[Stored data entries]
========
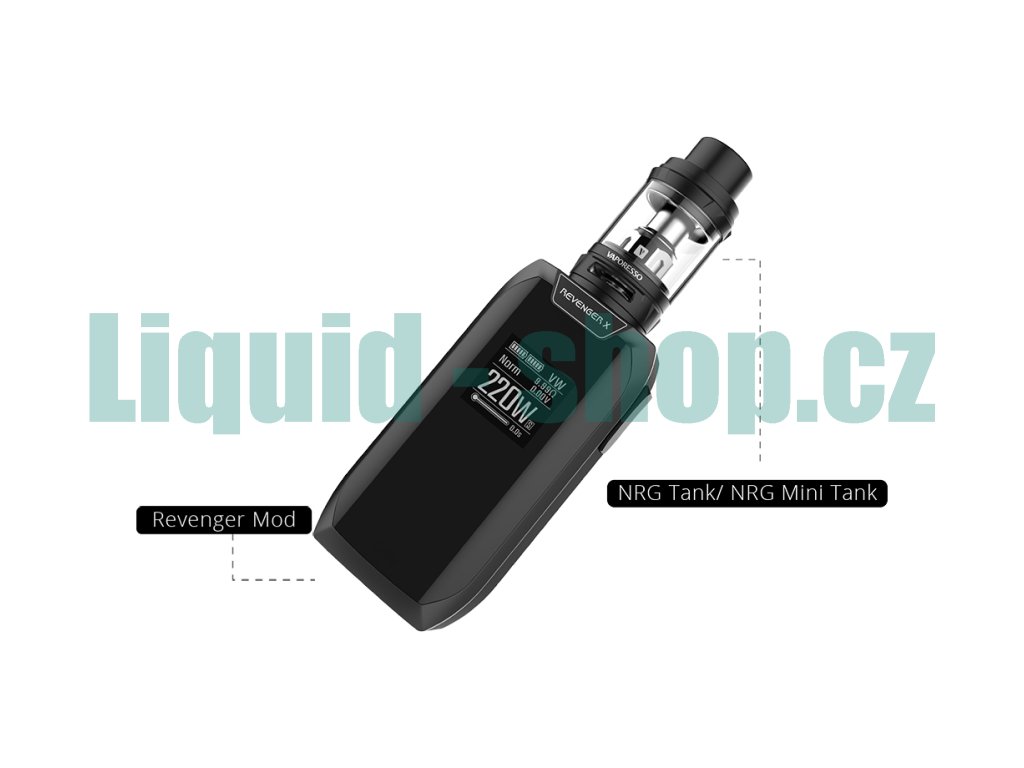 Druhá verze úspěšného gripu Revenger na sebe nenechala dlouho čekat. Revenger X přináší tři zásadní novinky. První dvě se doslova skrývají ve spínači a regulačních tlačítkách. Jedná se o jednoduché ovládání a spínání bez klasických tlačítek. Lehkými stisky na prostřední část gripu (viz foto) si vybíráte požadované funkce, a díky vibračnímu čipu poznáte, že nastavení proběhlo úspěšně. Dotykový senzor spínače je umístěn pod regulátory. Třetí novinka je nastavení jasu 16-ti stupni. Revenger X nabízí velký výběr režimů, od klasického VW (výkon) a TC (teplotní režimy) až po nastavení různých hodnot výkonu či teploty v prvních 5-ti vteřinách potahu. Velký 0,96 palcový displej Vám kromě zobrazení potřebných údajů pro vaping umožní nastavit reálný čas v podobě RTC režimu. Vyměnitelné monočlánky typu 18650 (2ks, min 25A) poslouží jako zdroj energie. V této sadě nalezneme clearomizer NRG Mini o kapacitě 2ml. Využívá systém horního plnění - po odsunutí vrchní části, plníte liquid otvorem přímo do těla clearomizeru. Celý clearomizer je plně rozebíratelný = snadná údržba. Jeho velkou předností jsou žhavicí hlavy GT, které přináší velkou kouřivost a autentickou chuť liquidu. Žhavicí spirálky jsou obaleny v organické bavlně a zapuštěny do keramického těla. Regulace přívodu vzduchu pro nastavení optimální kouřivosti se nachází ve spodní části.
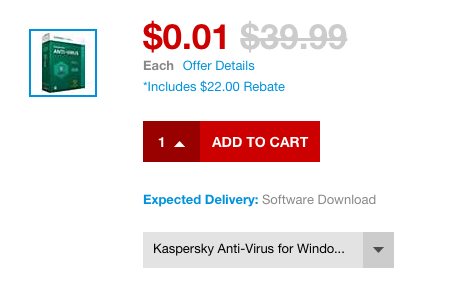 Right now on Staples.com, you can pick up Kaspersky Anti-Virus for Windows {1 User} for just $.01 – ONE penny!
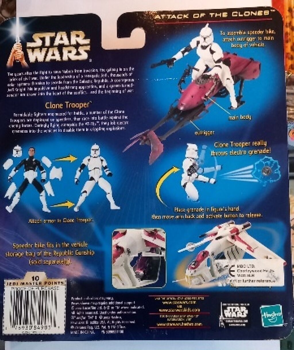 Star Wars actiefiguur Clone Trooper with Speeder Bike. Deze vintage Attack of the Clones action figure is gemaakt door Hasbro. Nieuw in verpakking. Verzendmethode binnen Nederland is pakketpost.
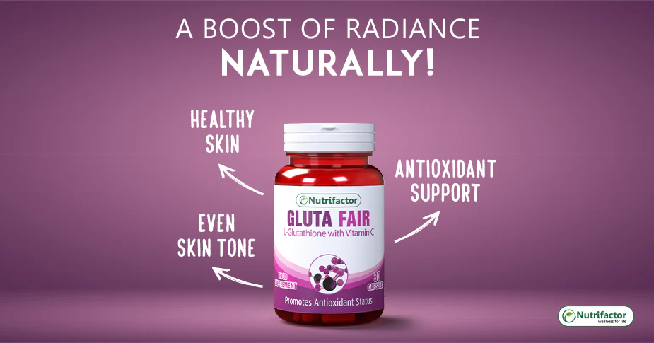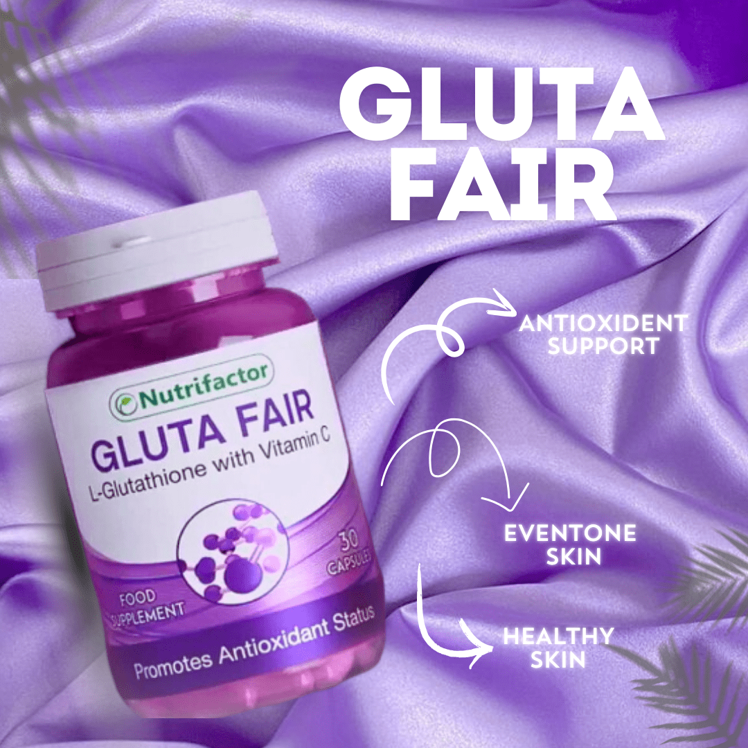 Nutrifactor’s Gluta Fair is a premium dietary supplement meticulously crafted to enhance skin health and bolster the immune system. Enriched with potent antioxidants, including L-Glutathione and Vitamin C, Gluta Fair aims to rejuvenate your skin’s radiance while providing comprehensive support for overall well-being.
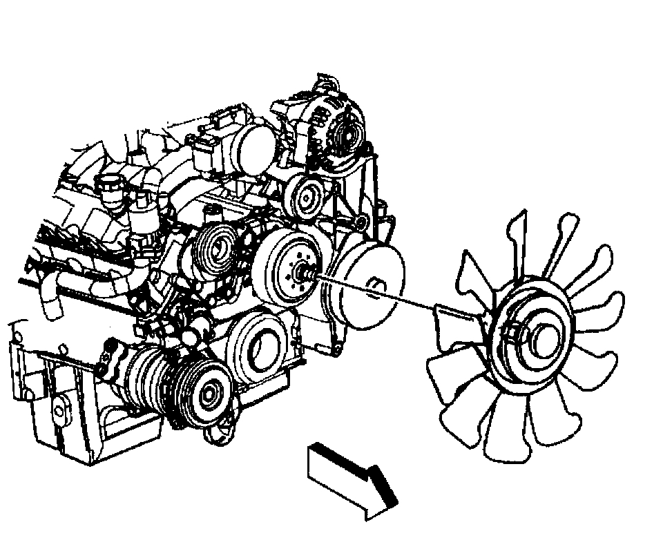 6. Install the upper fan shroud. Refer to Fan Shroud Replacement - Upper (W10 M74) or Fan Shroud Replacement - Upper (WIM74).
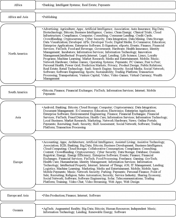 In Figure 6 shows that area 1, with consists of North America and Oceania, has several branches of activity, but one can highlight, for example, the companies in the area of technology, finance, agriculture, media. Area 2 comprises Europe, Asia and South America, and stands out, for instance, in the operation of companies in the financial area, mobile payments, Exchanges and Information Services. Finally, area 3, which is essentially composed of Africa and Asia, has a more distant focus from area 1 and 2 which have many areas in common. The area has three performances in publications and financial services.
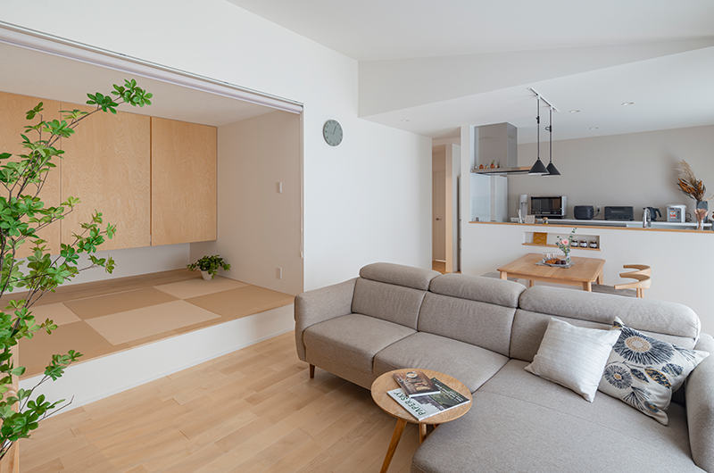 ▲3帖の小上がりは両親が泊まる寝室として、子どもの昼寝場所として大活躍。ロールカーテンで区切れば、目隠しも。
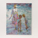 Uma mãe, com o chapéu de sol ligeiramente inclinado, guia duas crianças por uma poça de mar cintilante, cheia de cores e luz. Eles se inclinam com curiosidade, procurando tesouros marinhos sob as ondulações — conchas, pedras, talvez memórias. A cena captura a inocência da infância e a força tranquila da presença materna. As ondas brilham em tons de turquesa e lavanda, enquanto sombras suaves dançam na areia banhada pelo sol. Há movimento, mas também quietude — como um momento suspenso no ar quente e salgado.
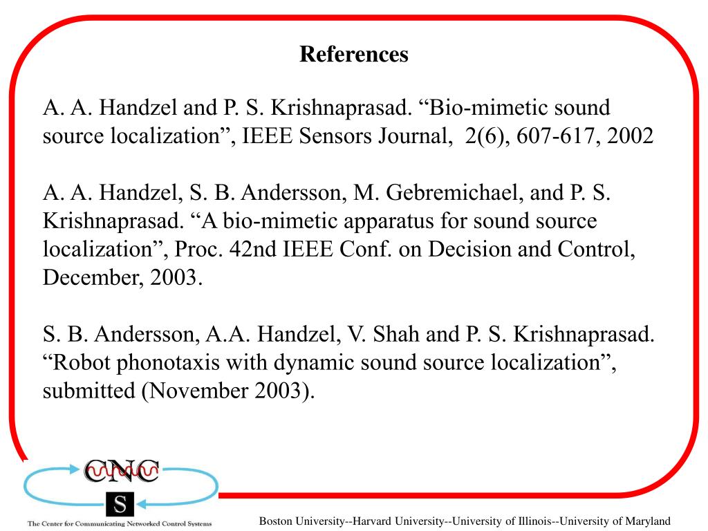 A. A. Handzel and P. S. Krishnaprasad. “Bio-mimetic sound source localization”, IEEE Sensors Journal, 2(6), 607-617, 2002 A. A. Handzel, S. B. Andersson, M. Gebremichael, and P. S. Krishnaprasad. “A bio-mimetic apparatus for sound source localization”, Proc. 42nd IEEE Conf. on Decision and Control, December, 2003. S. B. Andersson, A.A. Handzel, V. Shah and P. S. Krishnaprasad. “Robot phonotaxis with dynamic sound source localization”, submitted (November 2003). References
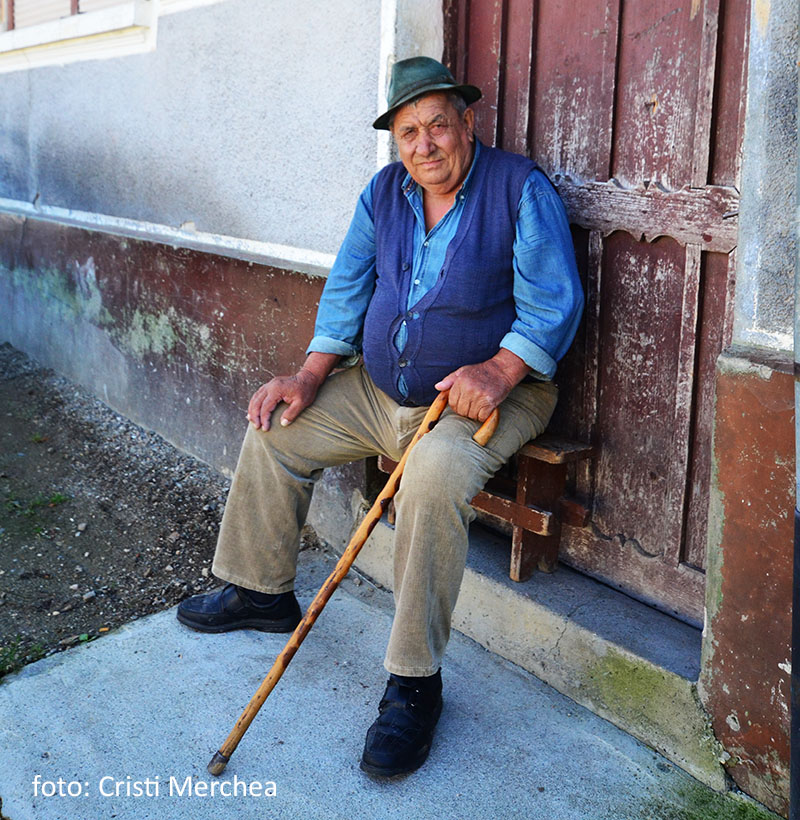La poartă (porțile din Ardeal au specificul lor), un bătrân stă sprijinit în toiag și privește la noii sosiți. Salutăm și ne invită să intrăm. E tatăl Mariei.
========
#### [What to work on]
In the records above, locate the line with "Uma mãe, com"; output it and each line after it through the last one, exactly, omitting pictures.

#### [Answer to this problem]
 Uma mãe, com o chapéu de sol ligeiramente inclinado, guia duas crianças por uma poça de mar cintilante, cheia de cores e luz. Eles se inclinam com curiosidade, procurando tesouros marinhos sob as ondulações — conchas, pedras, talvez memórias. A cena captura a inocência da infância e a força tranquila da presença materna. As ondas brilham em tons de turquesa e lavanda, enquanto sombras suaves dançam na areia banhada pelo sol. Há movimento, mas também quietude — como um momento suspenso no ar quente e salgado.
 A. A. Handzel and P. S. Krishnaprasad. “Bio-mimetic sound source localization”, IEEE Sensors Journal, 2(6), 607-617, 2002 A. A. Handzel, S. B. Andersson, M. Gebremichael, and P. S. Krishnaprasad. “A bio-mimetic apparatus for sound source localization”, Proc. 42nd IEEE Conf. on Decision and Control, December, 2003. S. B. Andersson, A.A. Handzel, V. Shah and P. S. Krishnaprasad. “Robot phonotaxis with dynamic sound source localization”, submitted (November 2003). References
La poartă (porțile din Ardeal au specificul lor), un bătrân stă sprijinit în toiag și privește la noii sosiți. Salutăm și ne invită să intrăm. E tatăl Mariei.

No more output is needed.